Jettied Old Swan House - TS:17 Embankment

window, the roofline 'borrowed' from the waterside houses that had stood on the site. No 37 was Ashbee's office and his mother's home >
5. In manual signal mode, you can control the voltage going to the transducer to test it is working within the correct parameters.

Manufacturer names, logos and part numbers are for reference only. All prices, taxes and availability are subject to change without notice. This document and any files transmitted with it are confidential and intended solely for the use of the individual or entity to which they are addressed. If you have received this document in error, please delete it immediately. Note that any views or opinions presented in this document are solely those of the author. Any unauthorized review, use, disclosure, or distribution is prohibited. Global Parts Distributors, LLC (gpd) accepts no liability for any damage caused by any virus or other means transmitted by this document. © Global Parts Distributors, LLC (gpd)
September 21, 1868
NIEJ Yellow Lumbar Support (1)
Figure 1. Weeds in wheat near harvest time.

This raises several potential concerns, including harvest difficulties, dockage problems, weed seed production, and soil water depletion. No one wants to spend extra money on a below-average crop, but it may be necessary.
--
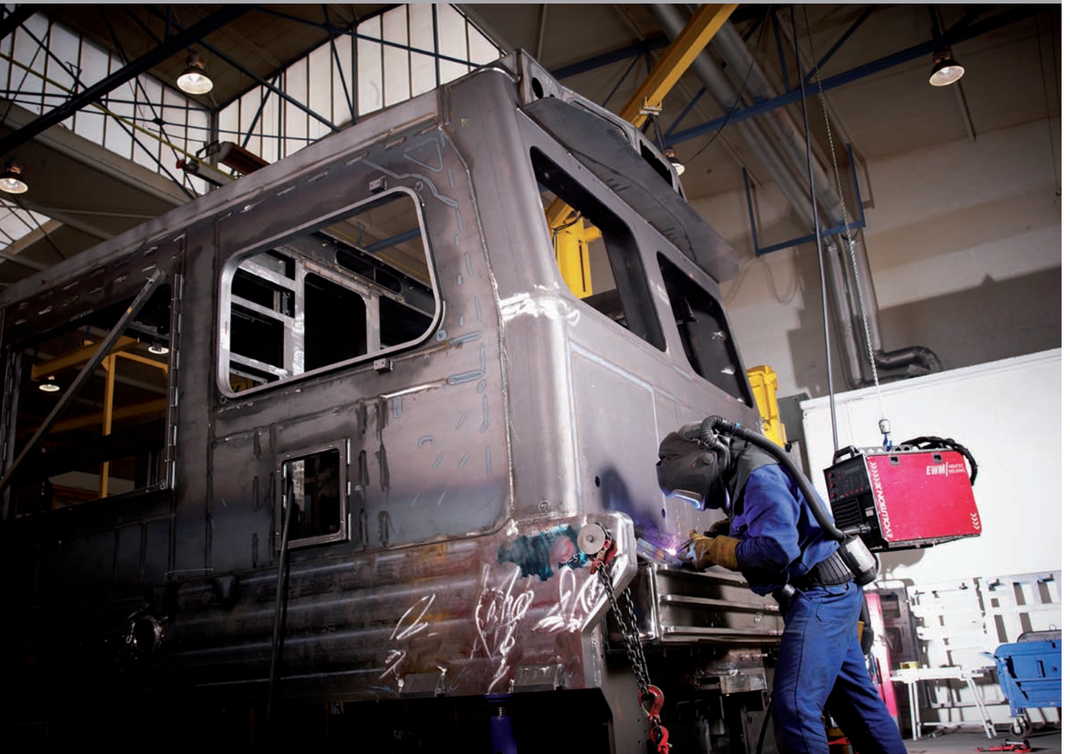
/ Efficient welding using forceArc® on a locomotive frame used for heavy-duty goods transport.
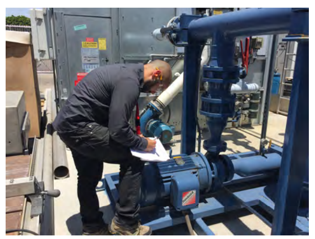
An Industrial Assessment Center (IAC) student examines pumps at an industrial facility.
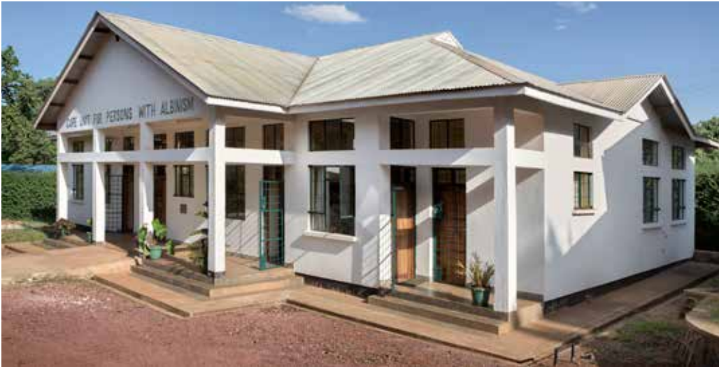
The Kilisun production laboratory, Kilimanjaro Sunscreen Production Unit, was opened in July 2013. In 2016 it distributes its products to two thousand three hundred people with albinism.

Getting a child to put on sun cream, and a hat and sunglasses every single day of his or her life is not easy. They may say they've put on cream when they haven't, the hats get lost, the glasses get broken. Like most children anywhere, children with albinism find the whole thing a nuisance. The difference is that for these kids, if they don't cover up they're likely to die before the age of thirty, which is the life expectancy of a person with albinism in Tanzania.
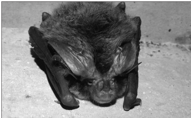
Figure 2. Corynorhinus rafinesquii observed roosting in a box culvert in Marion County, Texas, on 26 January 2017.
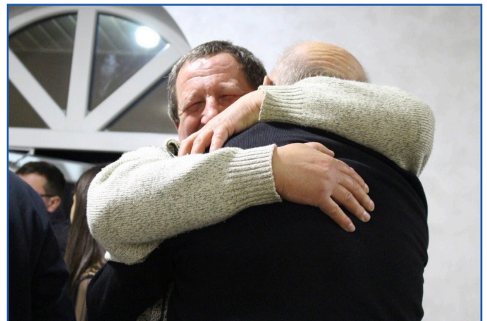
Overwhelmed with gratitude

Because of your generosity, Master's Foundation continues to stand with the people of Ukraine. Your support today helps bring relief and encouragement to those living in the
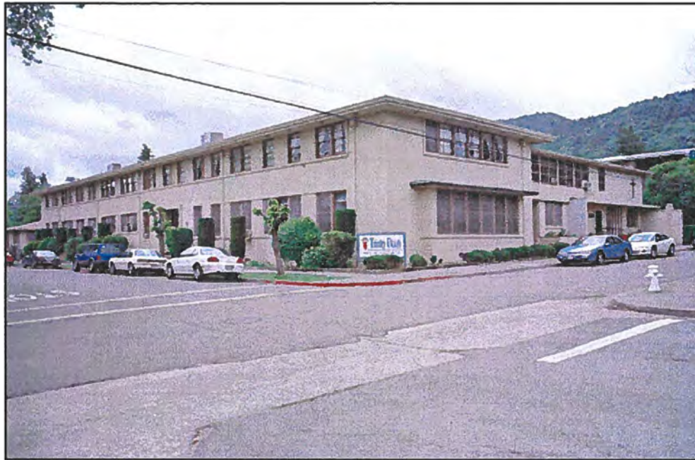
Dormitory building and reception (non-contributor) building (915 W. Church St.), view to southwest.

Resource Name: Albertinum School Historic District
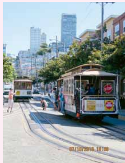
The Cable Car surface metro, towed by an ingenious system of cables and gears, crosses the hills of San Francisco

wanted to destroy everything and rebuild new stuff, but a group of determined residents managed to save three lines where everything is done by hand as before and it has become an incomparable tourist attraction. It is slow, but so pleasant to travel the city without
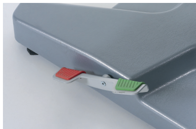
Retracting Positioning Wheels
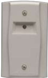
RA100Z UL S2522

> Work instruction
The required output is the stretch of entries above from the line containing "Figure 1. Weeds in wheat near harvest time." through the line containing "This raises several", reproduced exactly.

> Answer area
Figure 1. Weeds in wheat near harvest time.

This raises several potential concerns, including harvest difficulties, dockage problems, weed seed production, and soil water depletion. No one wants to spend extra money on a below-average crop, but it may be necessary.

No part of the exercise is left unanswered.